-- Data supplied follows --
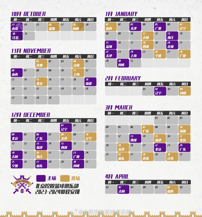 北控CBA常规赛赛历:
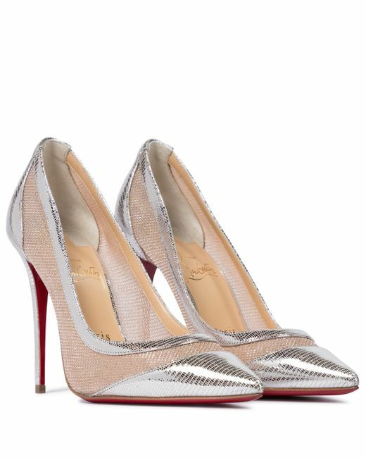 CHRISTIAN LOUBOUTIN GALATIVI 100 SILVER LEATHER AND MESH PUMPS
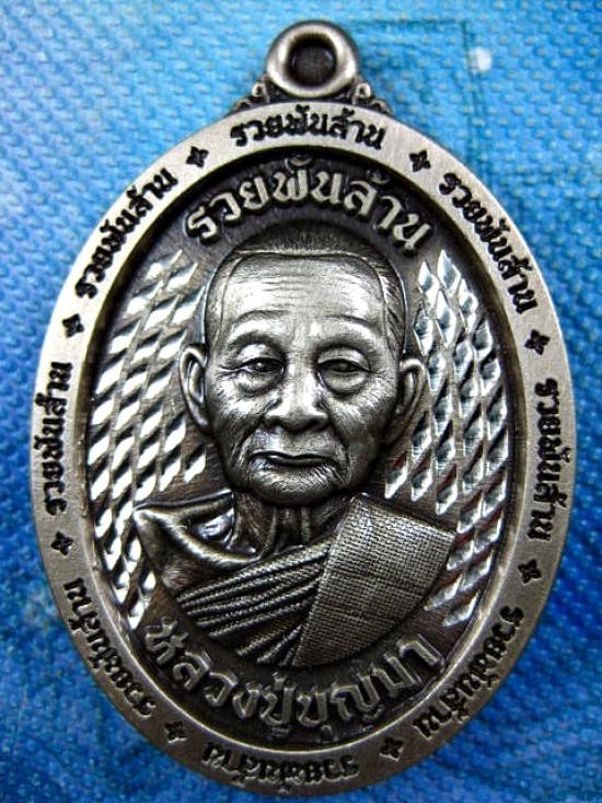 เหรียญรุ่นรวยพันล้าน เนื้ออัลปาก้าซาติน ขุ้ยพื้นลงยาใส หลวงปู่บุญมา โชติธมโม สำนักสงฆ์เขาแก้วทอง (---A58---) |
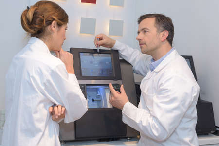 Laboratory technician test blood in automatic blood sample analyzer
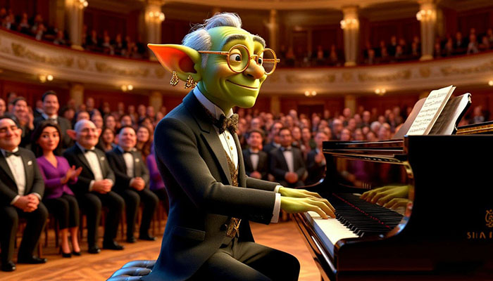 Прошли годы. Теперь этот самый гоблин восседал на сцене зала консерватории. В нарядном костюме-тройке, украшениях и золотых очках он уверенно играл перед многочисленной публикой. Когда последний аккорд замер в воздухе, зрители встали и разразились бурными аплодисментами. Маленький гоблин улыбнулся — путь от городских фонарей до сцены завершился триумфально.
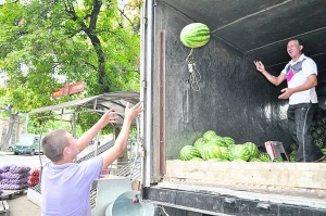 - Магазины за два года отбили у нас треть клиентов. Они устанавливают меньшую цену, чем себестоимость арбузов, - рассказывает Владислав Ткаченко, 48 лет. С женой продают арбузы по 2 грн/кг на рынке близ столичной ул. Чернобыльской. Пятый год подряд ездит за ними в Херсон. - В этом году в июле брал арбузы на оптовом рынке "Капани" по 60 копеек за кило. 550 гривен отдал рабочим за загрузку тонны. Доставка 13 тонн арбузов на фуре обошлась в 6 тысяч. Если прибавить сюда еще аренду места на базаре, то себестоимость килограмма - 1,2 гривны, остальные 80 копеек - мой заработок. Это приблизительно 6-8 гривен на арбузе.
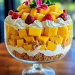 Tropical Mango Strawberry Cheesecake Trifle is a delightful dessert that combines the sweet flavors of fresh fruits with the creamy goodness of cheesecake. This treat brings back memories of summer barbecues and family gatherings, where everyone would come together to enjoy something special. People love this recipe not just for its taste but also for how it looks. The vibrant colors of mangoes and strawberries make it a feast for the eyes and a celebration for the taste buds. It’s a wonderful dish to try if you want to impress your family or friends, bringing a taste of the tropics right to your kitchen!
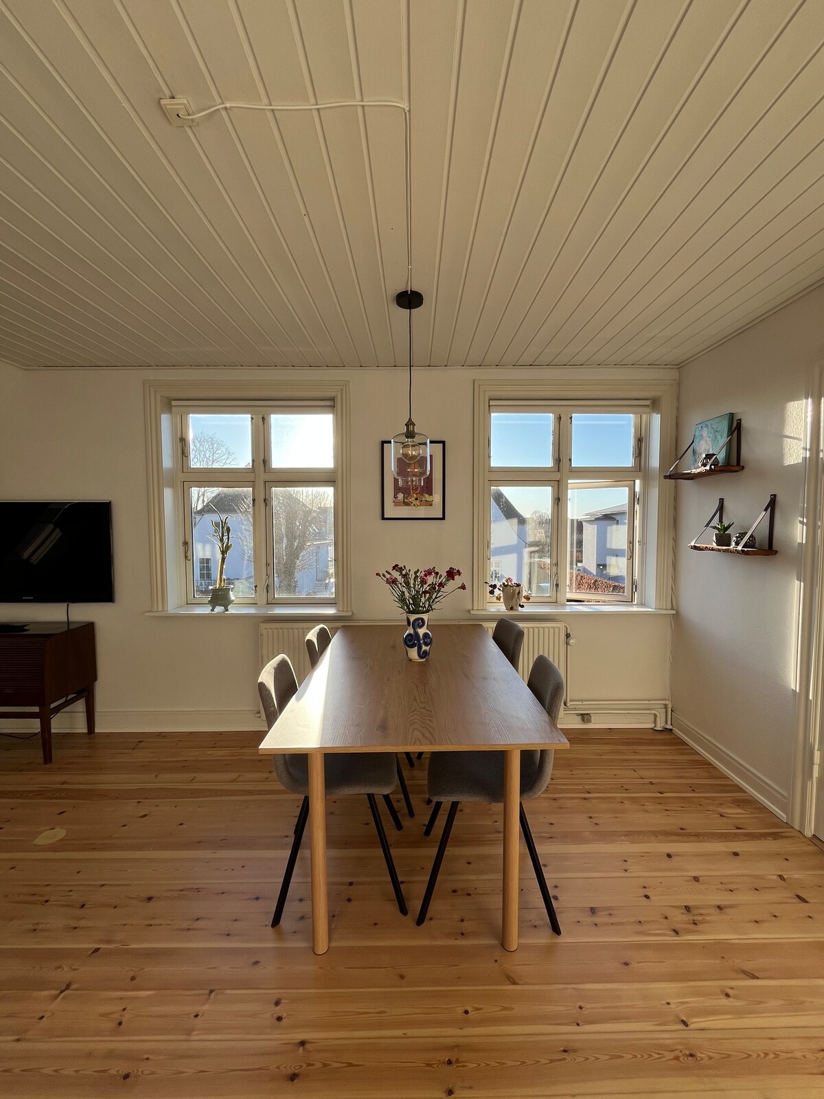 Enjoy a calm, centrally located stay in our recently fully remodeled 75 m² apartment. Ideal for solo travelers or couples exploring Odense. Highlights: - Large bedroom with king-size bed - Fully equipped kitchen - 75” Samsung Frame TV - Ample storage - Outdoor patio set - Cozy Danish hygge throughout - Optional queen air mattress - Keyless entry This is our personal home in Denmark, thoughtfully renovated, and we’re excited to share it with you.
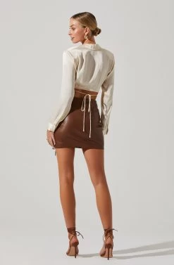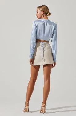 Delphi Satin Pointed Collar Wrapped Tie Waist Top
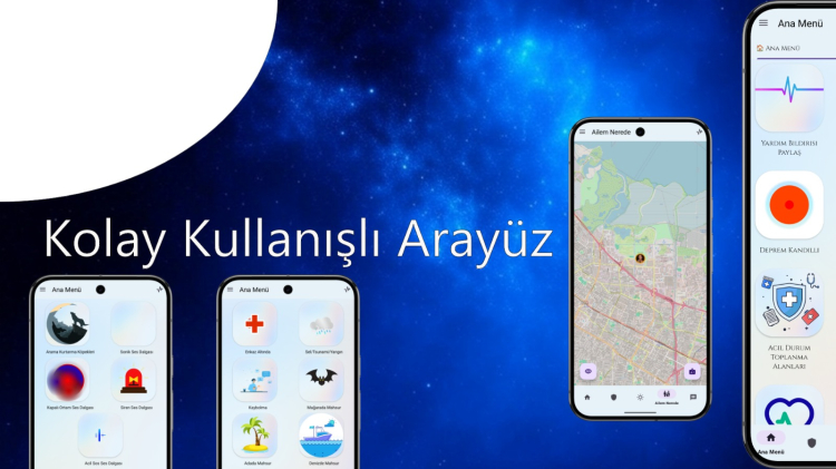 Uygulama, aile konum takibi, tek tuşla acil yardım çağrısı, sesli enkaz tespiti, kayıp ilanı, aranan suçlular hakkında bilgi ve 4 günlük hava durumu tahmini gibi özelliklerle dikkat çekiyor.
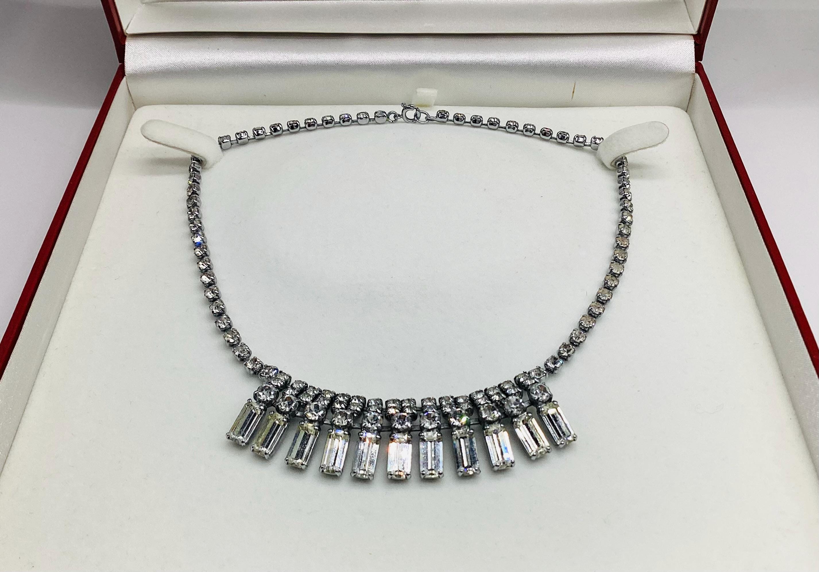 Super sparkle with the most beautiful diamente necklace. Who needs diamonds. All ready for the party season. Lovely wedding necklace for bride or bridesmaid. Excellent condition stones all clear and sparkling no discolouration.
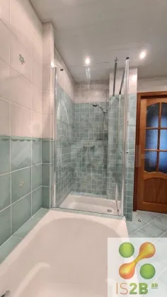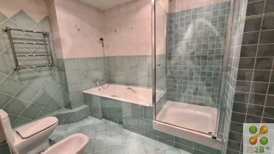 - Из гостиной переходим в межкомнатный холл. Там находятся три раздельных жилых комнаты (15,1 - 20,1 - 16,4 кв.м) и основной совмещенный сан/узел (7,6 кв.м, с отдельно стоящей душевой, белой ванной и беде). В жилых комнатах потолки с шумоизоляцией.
-- Data supplied concluded --
(Assignment):
Omit every picture while printing the data word for word.

(Written response):
 北控CBA常规赛赛历:
 CHRISTIAN LOUBOUTIN GALATIVI 100 SILVER LEATHER AND MESH PUMPS
 เหรียญรุ่นรวยพันล้าน เนื้ออัลปาก้าซาติน ขุ้ยพื้นลงยาใส หลวงปู่บุญมา โชติธมโม สำนักสงฆ์เขาแก้วทอง (---A58---) |
 Laboratory technician test blood in automatic blood sample analyzer
 Прошли годы. Теперь этот самый гоблин восседал на сцене зала консерватории. В нарядном костюме-тройке, украшениях и золотых очках он уверенно играл перед многочисленной публикой. Когда последний аккорд замер в воздухе, зрители встали и разразились бурными аплодисментами. Маленький гоблин улыбнулся — путь от городских фонарей до сцены завершился триумфально.
 - Магазины за два года отбили у нас треть клиентов. Они устанавливают меньшую цену, чем себестоимость арбузов, - рассказывает Владислав Ткаченко, 48 лет. С женой продают арбузы по 2 грн/кг на рынке близ столичной ул. Чернобыльской. Пятый год подряд ездит за ними в Херсон. - В этом году в июле брал арбузы на оптовом рынке "Капани" по 60 копеек за кило. 550 гривен отдал рабочим за загрузку тонны. Доставка 13 тонн арбузов на фуре обошлась в 6 тысяч. Если прибавить сюда еще аренду места на базаре, то себестоимость килограмма - 1,2 гривны, остальные 80 копеек - мой заработок. Это приблизительно 6-8 гривен на арбузе.
 Tropical Mango Strawberry Cheesecake Trifle is a delightful dessert that combines the sweet flavors of fresh fruits with the creamy goodness of cheesecake. This treat brings back memories of summer barbecues and family gatherings, where everyone would come together to enjoy something special. People love this recipe not just for its taste but also for how it looks. The vibrant colors of mangoes and strawberries make it a feast for the eyes and a celebration for the taste buds. It’s a wonderful dish to try if you want to impress your family or friends, bringing a taste of the tropics right to your kitchen!
 Enjoy a calm, centrally located stay in our recently fully remodeled 75 m² apartment. Ideal for solo travelers or couples exploring Odense. Highlights: - Large bedroom with king-size bed - Fully equipped kitchen - 75” Samsung Frame TV - Ample storage - Outdoor patio set - Cozy Danish hygge throughout - Optional queen air mattress - Keyless entry This is our personal home in Denmark, thoughtfully renovated, and we’re excited to share it with you.
 Delphi Satin Pointed Collar Wrapped Tie Waist Top
 Uygulama, aile konum takibi, tek tuşla acil yardım çağrısı, sesli enkaz tespiti, kayıp ilanı, aranan suçlular hakkında bilgi ve 4 günlük hava durumu tahmini gibi özelliklerle dikkat çekiyor.
 Super sparkle with the most beautiful diamente necklace. Who needs diamonds. All ready for the party season. Lovely wedding necklace for bride or bridesmaid. Excellent condition stones all clear and sparkling no discolouration.
 - Из гостиной переходим в межкомнатный холл. Там находятся три раздельных жилых комнаты (15,1 - 20,1 - 16,4 кв.м) и основной совмещенный сан/узел (7,6 кв.м, с отдельно стоящей душевой, белой ванной и беде). В жилых комнатах потолки с шумоизоляцией.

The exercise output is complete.